Virando i colori l’artista ottiene di riprodurre il procedimento mentale della formazione del ricordo, che tende a fissarsi su pochi elementi selezionati che si dispongono e si stratificano acquisendo rilevanza sugli altri, che invece tendono a sfumare e scomparire. Ecco dunque risaltare le sfumature del verde degli alberi e l’oro delle sabbie che si abbeverano alle acque si esaltano nel contrasto col cielo uniforme. Le prospettive sono rese unicamente dalle cromie, che in primo piano risultano distinte e decise, mentre allontanandosi sfumano fino a tendere, in alcuni casi, ad annullarsi nel cielo.
Tutto ciò non può che rimandare alle teorie leonardesche della sovrapposizione progressiva degli strati d’aria allontanando l’occhio dall’oggetto osservato. Esser ripropone una nuova e straordinaria stagione del vedutismo di origine italiana, riscoprendo la natura incontaminata tra la Marna e la Loira.
Ma anche Esser si dimostra personalità eclettica al pari di Paola proponendo, fuori catalogo, una nuova direzione di indagine.
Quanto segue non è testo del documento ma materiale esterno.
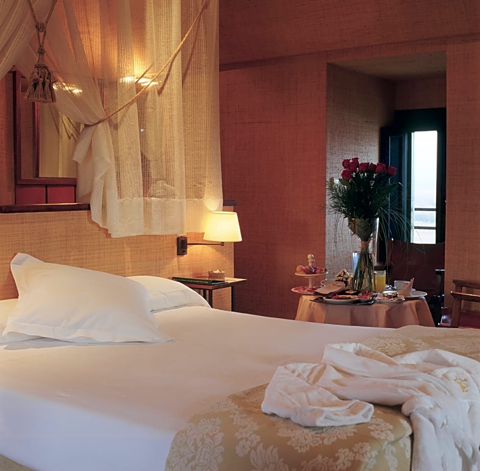 This air-conditioned room features a TV, a mini-bar and a private bathroom with bath. The room has a 17th century décor, with Spanish wooden furniture and damask curtains, as well as velvet armchairs.
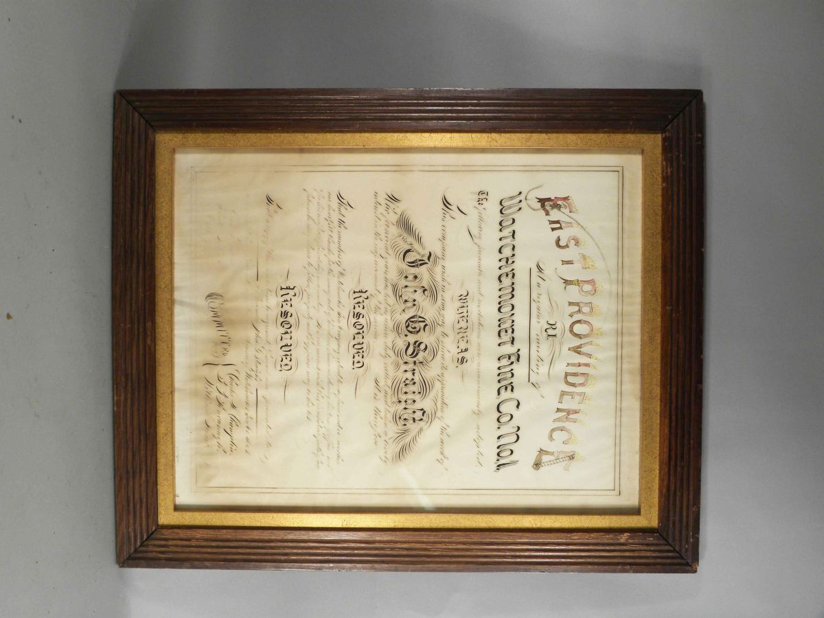 Hand Lettered Firemen's Certificate of Appreciation to John G. Straight Watchemoket Fire Company No. 1. Some fading otherwise good condition. Framed under glass. 18 X 22 inches.

Si tratta di alcune grandi e sbalorditive vedute del centro storico di Matera. Promontori che sembrano aver assorbito tutto il sole del sud, agglomerati fitti di costruzioni che paiono essersi formate in causa dell’erosione del vento. Totalmente assente qualsiasi traccia umana (come pure nelle opere di Paola) per sottolineare la forte affinità del paesaggio urbano dei centri storici italiani con la natura che, invece di esserne violentata, ne risulta enormemente arricchita ed esaltata, come nei tetti e nei muri che seguono il dolce crinale dei promontori.
Una mostra tutta da godere questa di Bologna, a conti fatti forse la miglior prova del neo direttore della G.A.M., Peter Weiermair, vista finora.
Una nota critica all’orario della mostra: perché la sola apertura pomeridiana, tra l’altro non in linea con gli orari della stessa G.A.M.? Almeno nei giorni prefestivi e festivi un orario più ampio inviterebbe forse un numero maggiore di visitatori in uno spazio che, nonostante la sua bellezza, risulta già di per sé un po’ periferico e non accessibile dai disabili per la lunga scalinata. Si può fare qualcosa di più? Sennò, che Spazio Aperto è?